# Todays Sunset :)



## SueM (Jan 23, 2004)

Went collecting tiday and ended up getting one of these ......


----------



## SueM (Jan 23, 2004)

-------------> 
http://i4.photobucket.com/albums/y149/imakettle/New York/IMG_5486-1.jpg
http://i4.photobucket.com/albums/y149/imakettle/New York/IMG_5485-1.jpg


----------



## Georgia Peach (Sep 23, 2005)

beautiful!


----------



## Osiris (Jan 18, 2005)

sweetness, now didn't u fly to Rome to catch pics of the eclipse??


----------



## goodie (Sep 2, 2005)

OOOOOoooooohhhhh! AAAAaaaaahhhhhh! Now where is my fishing pole! That first pic just screams serious top water action! 

Really good pics!


----------



## flamingo (Nov 5, 2005)

WOw, that first pic is really impressive!

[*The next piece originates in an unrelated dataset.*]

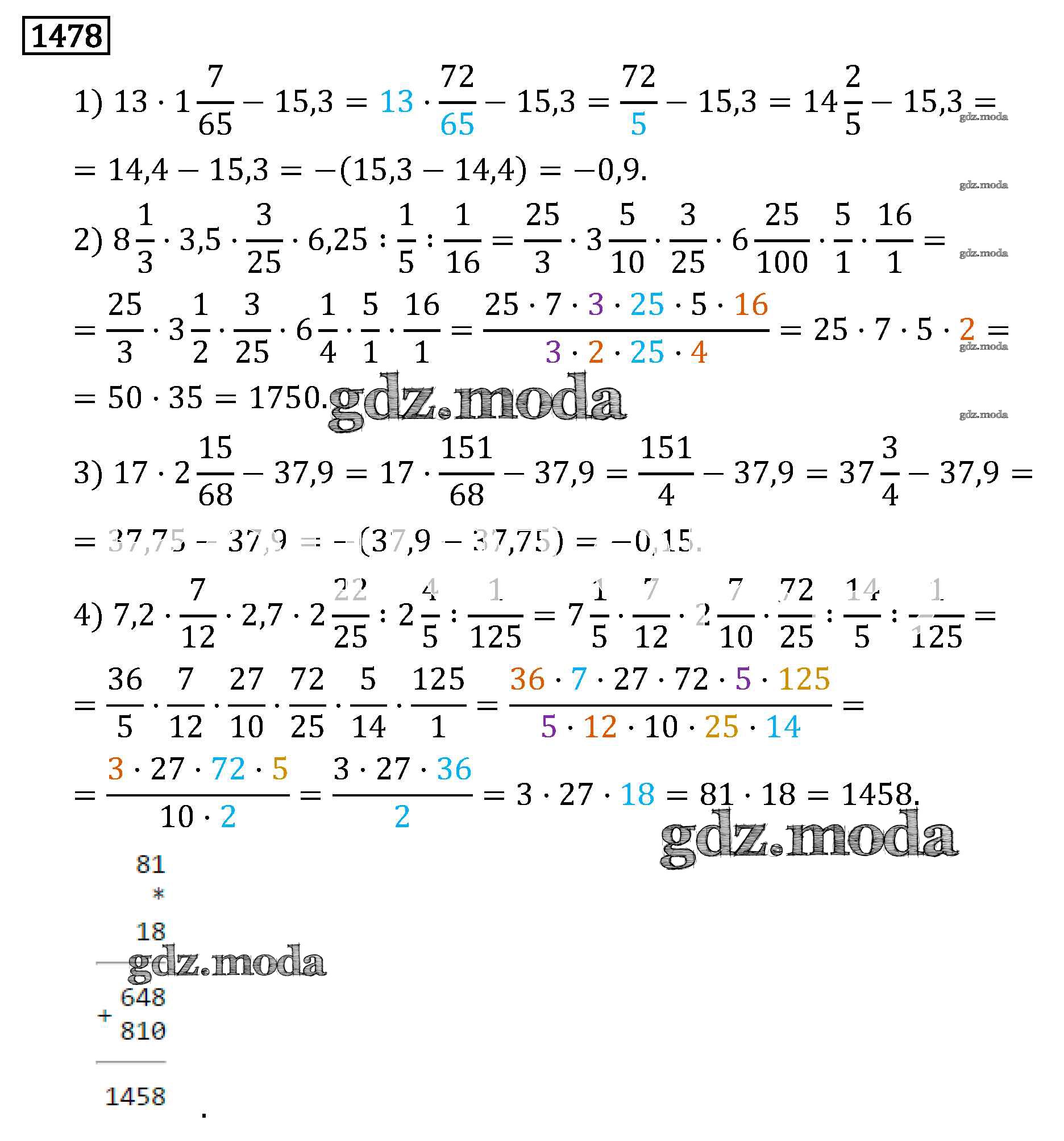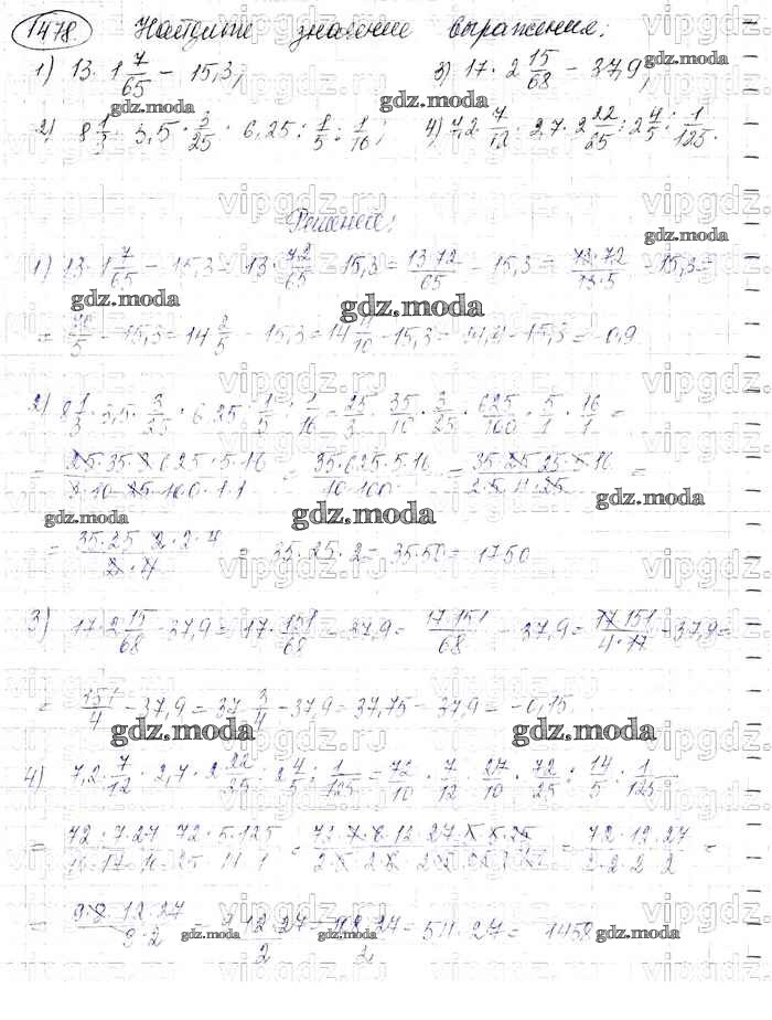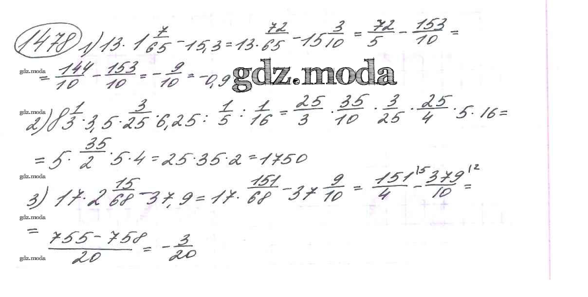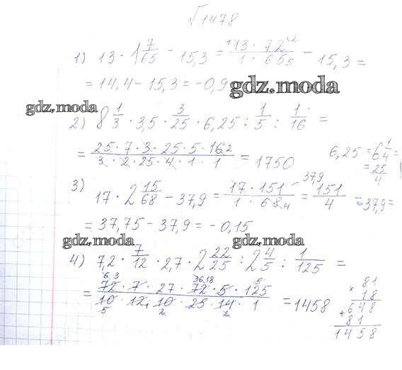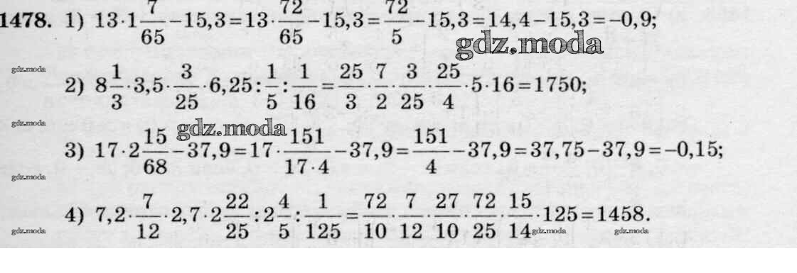 ОТВЕТ на задание № 1478 Учебник по Математике 6 класс Виленкин

SOme of my best pics are during sunset, etc. The colors reeally show at sunset, sky turns colors, etc. And all the trees are blackened out and like some people have said "it provides a kind of dark but romantic quality".


----------



## fishfreaks (Jan 19, 2005)

Those are awesome shots you've got there and I also especially love the first


----------



## rallyguy44 (Feb 11, 2006)

that's really beautiful, I love sunsets over water...nothing better.


----------



## Kyoberr (Dec 6, 2006)

I know this thread is outdated, but those are pretty pictures (I was searching the forums). You live in a beautiful place.


----------